日本では性別・ワークスタイルなどの意味で使われることが多い
海外と比べて人種差別のない日本におけるダイバーシティは、性別やワークスタイルなどの意味で使われることが多いです。
育児や介護などの事情を踏まえ、1人ひとりが働きやすい環境をつくることが、日本のダイバーシティの主な意味です。
例えば、男女問わず遠慮なく育児休暇を取りやすい環境を整え、休暇後の職場復帰をサポートする仕組みを作る。健康上の問題でフルタイム勤務ができない人に、時間を限定した勤務やリモートワークを提案するなど、ダイバーシティを実現するにはさまざまな方法があります。

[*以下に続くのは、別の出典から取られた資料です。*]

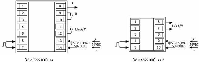 3.  (72×72×100)mm、(48×48×100)mm外形的儀表輸入/輸出接線圖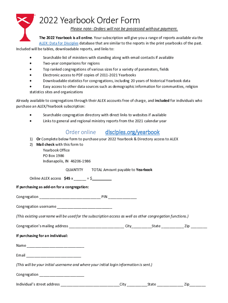 2022 Yearbook Order Form Please note: Orders will not be processed without payment. The 2022 Yearbook is all online. Your subscription will give you a range of reports available via the ALEX: Data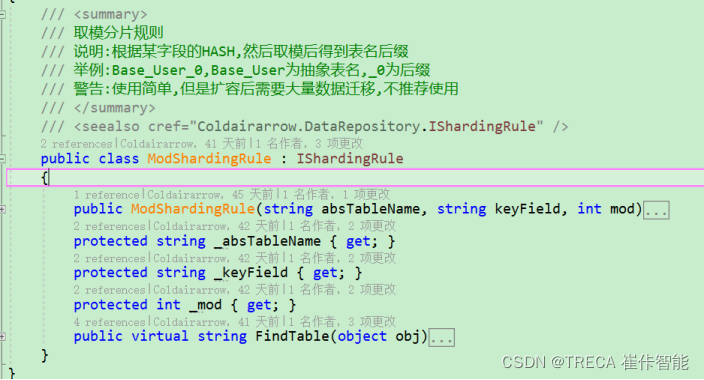 上述代码中完成了Sharding的配置: ShardingConfigBootstrapper.Bootstrap()在一个项目中只能执行一次,所以建议放到Application_Start中(ASP.NET Core中的Startup) AddDataSource是指添加数据源,数据源可以看做抽象数据库,一个数据源包含了一组同类型的物理数据库,即实际的数据库。一个数据源至少包含一个物理数据库,多个物理数据库需要开启主从复制或主主复制,通过ReadWriteType(写、读、写和读)参数来指定数据库的操作类型,通常将写库作为主库,读库作为从库。同一个数据源中的物理数据库类型相同,表结构也相同。 配置好数据源后就可以通过AddAbsDb来添加抽象数据库,抽象数据库中需要添加抽象数据表。如上抽象表Base_UnitTest对应的物理表就是Base_UnitTest_0、Base_UnitTest_1与Base_UnitTest_2,并且这三张表都属于数据源BaseDb。分表配置当然需要分表规则(即通过一种规则找到具体数据在哪张表中)。 上述代码中使用了最简单的取模分片规则, 源码如下:
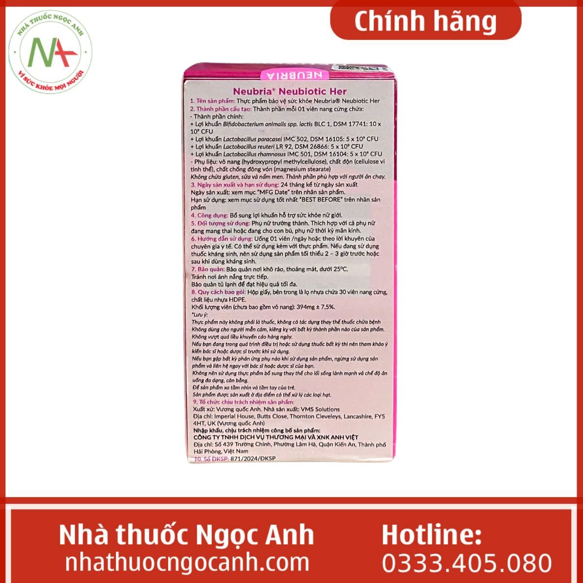 Giá Neubria® Neubiotic Her tại Nhà thuốc Ngọc Anh hiện nay đã được cập nhật trên đầu trang. Giá bán này chỉ áp dụng khi đến mua trực tiếp hay trực tuyến tại Nhà thuốc Ngọc Anh chứ không áp dụng cho các cơ sở bán buôn hay địa chỉ phân phối khác, các bạn đọc nên lưu ý điều này.

企業がダイバーシティを推進する際に検討するべき3つのこと
次からは、企業がダイバーシティを推進する際に検討するべき、3つのことをお伝えします。
人種・性別・国籍などの普遍性を認めるという大前提から、ダイバーシティを企業の成長に活かすために必要なことなど、企業におけるダイバーシティに特化して解説します。
1.人種・性別・国籍などの普遍的な多様性は当然認める
ダイバーシティには、人種や性別、国籍などの多様性は当然認めるという、大前提があります。
日本で働く外国人労働者は増えている一方、日本国内の労働人口は減少し続けています。外国人雇用による人手不足の解消のためにも、人種や国籍の多様性を認めることは重要です。
性別の多様性は、単に「男か女か」ということだけでなく、「自分の性をどう自認しているのか?」というジェンダーのことも指します。
身体の性と心の性が一致しない人や同性愛の人など、性自認や性的嗜好による偏見をなくすことが、ダイバーシティにおける「性別の多様性」です。
2.「視点」「発想」「働き方」の多様化を進めよう
ダイバーシティを推進する際は、「視点」「発想」「働き方」の多様化を進めることも大切です。
人種や国籍、性別の多様性を認めるダイバーシティを進めていくうちに、企業にはさまざまな視点・発想をもつ人材が集まるでしょう。視点や発想の多様化が進むことには、今まで気付けなかった視点に気付き、新しい発想が生まれやすくなるというメリットがあります。
また、ダイバーシティでは、働き方の多様化を進めることも重要です。
労働者のもつ多様性を企業の成長に活かそうというダイバーシティでは、労働者1人1人にとっての、働きやすい環境作りが必要です。人種や国籍の違いから、日本の働き方が合わない人。健康や障がいのために、従来的なフルタイム勤務ができない人への配慮ができなくては、ダイバーシティは実現しません。
3.複数の価値観や働き方が存在しても誤解や軋轢がうまれないルール作り
ダイバーシティを進めるうえで重要なのが、複数の価値観や働き方が存在しても、誤解や軋轢がうまれないルール作りです。
1つの企業に多様性のある人材が集まるということは、同じ場所で、いくつもの価値観や働き方が混ざり合うということです。異なる価値観・働き方の間で誤解や軋轢がうまれるようでは、ダイバーシティは逆効果になってしまいます。労働者のパフォーマンスも、企業全体の生産性も下がってしてしまうでしょう。
ダイバーシティでは、互いの価値観を尊重しあい、異なる働き方を認め合うことが大切です。労働者1人1人の意識改革や、誤解をうまずに情報共有するための、ルール作りが必要です。
ダイバーシティを推進するには働き方改革がポイント
ダイバーシティを推進するには、働き方改革も同時に進めることがポイントです。
多様な働き方を認め、より働きやすい社会の実現を目指す働き方改革でも、ダイバーシティは重要な位置付けにあります。人材の多様性を認め、積極的な採用を行っていくことは、人手不足の解消にも繋がるからです。
ダイバーシティの「人材の多様性を、企業の成長に活かす」という目的のためにも、働き方改革の推進は重要です。1人ひとりにとって働きやすい環境作りをすることで、多様な人材がもつポテンシャルを最大限に発揮できます。誰もがオープンになり、意見交換できる環境がなければ、多様な視点や発想も活かせません。
ダイバーシティと働き方改革は、セットで推進するようにしましょう。多様な人材と働き方が合わさってこそ、ダイバーシティは成功するのです。
また、ダイバーシティと働き方改革を進める際には、「社内のルール作り」が重要となります。また、ルールを制定するだけでなく、社内に浸透させることも忘れてはいけません。